WHAT YOU WILL DO: Copy the listing exactly, please, and keep every picture out of it.
[Opening SOURCE MATERIAL section]
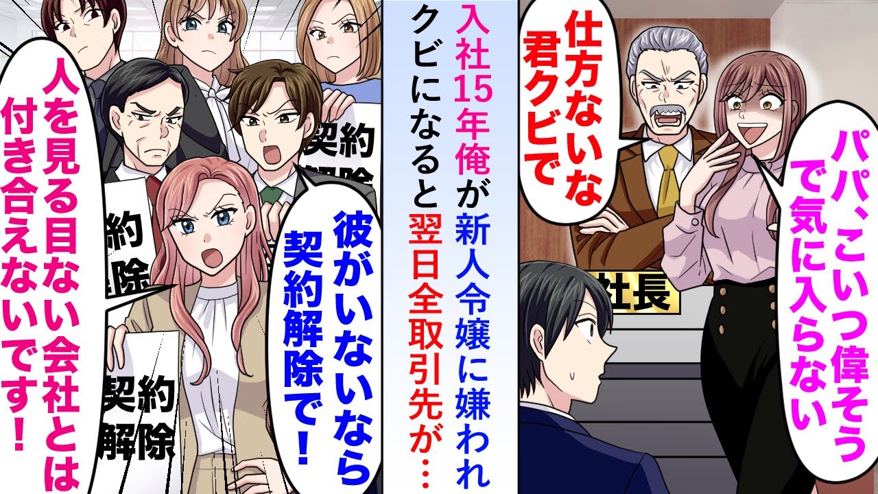 - タイトル: 【漫画】入社15年俺が新人令嬢に嫌われクビになると翌日全取引先が「彼がいないなら契約解除で」と会社に集結し…【恋愛マンガ動画】
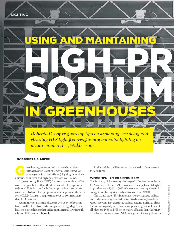 Top tips on deploying, servicing and cleaning HPS light fixtures for supplemental lighting on ornamental and vegetable crops.
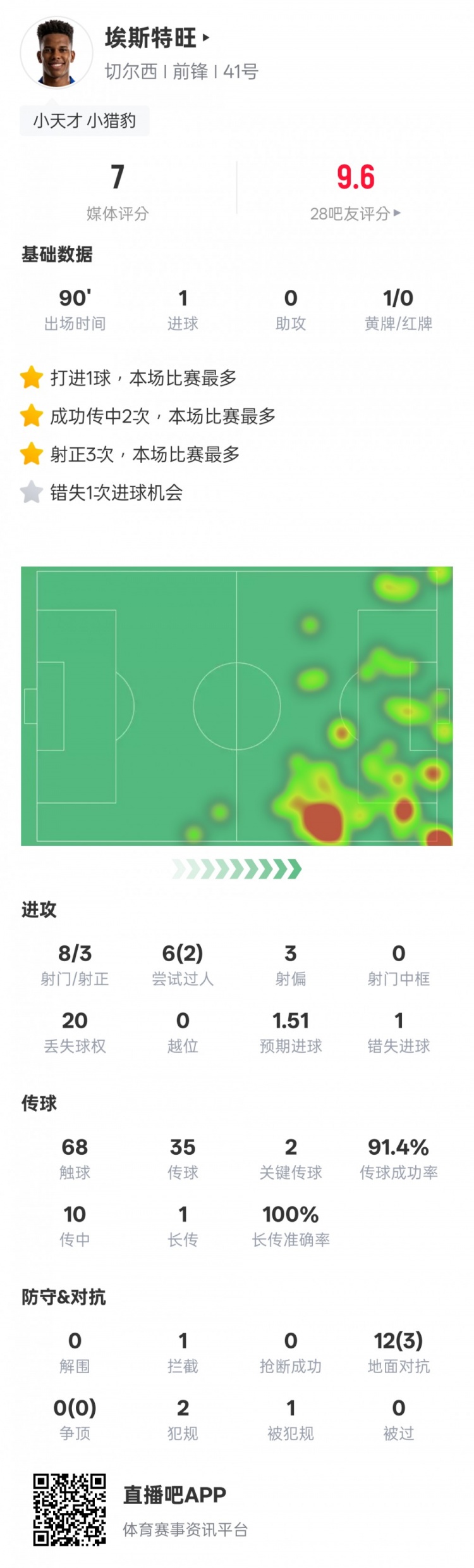 10月23日讯 欧冠联赛阶段第3轮,切尔西5-1大捷阿贾克斯。埃斯特旺首发出战,孝顺1粒进球,送出2次关节传球,但也错失1次进球契机,评分7.0。
[Closing SOURCE MATERIAL section]
REPLY:
 - タイトル: 【漫画】入社15年俺が新人令嬢に嫌われクビになると翌日全取引先が「彼がいないなら契約解除で」と会社に集結し…【恋愛マンガ動画】
 Top tips on deploying, servicing and cleaning HPS light fixtures for supplemental lighting on ornamental and vegetable crops.
 10月23日讯 欧冠联赛阶段第3轮,切尔西5-1大捷阿贾克斯。埃斯特旺首发出战,孝顺1粒进球,送出2次关节传球,但也错失1次进球契机,评分7.0。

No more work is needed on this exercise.